> **Exercise requirements**: Output exactly, and only, the stretch of lines beginning at the line with "Empresa de Obras" and ending at the last line of the listing below. Drop the pictures.

===== Data extract =====

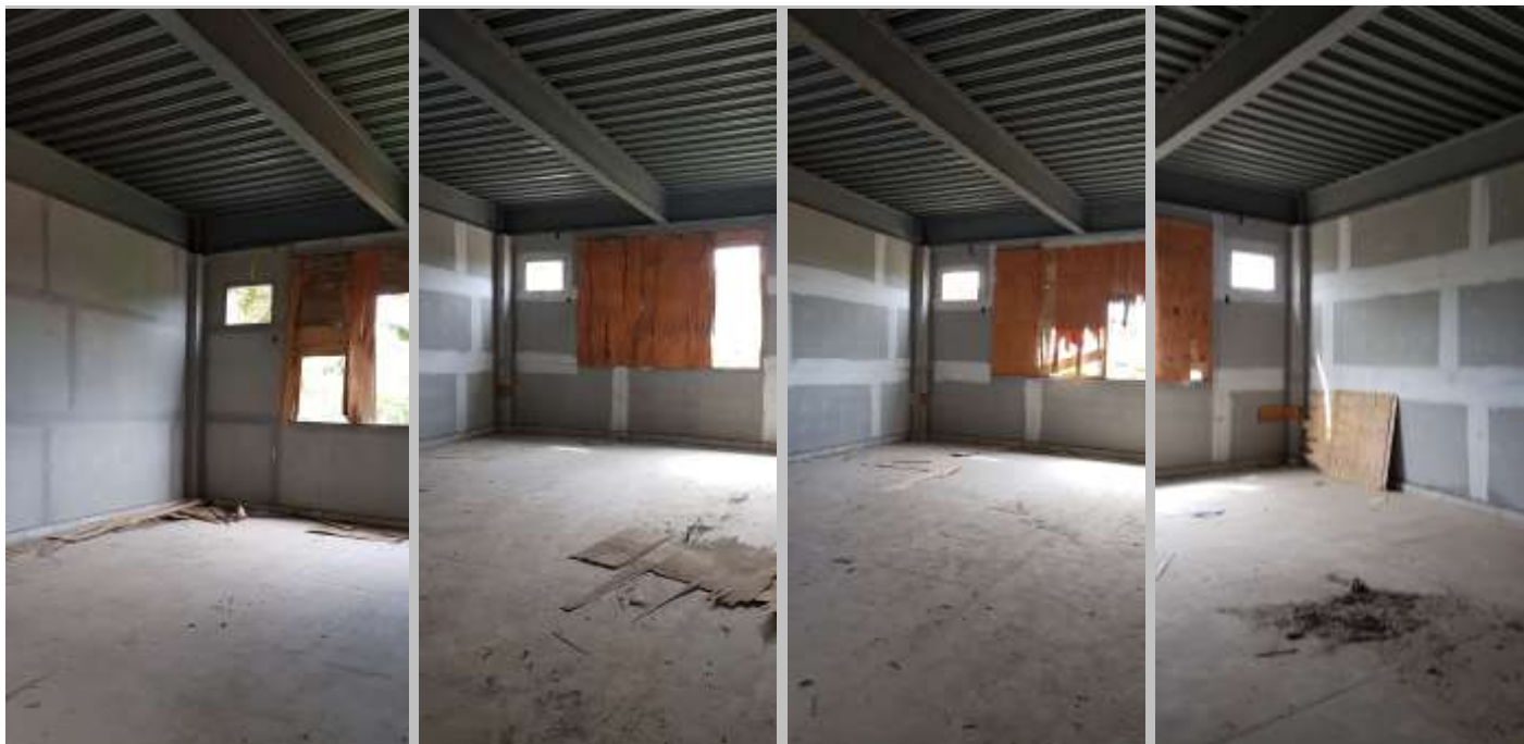
Sala de aula 04 (40 alunos) Sala de aula 05 (40 alunos) Sala de aula 06 (40 alunos) Sala de aula 07 (40 alunos)

Empresa de Obras Públicas do Estado do Rio de Janeiro
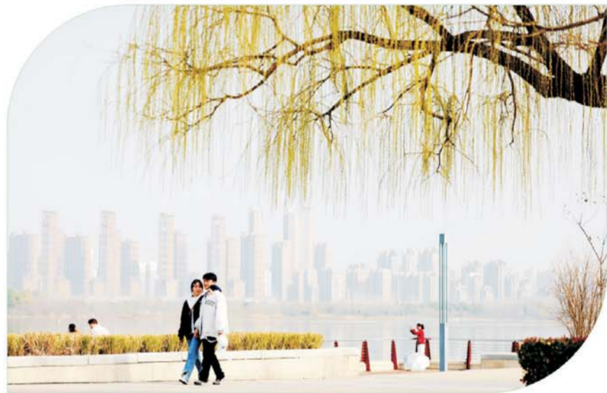
市民在龙子湖公园散步赏景。

=====

> **Your solution**:
Empresa de Obras Públicas do Estado do Rio de Janeiro
市民在龙子湖公园散步赏景。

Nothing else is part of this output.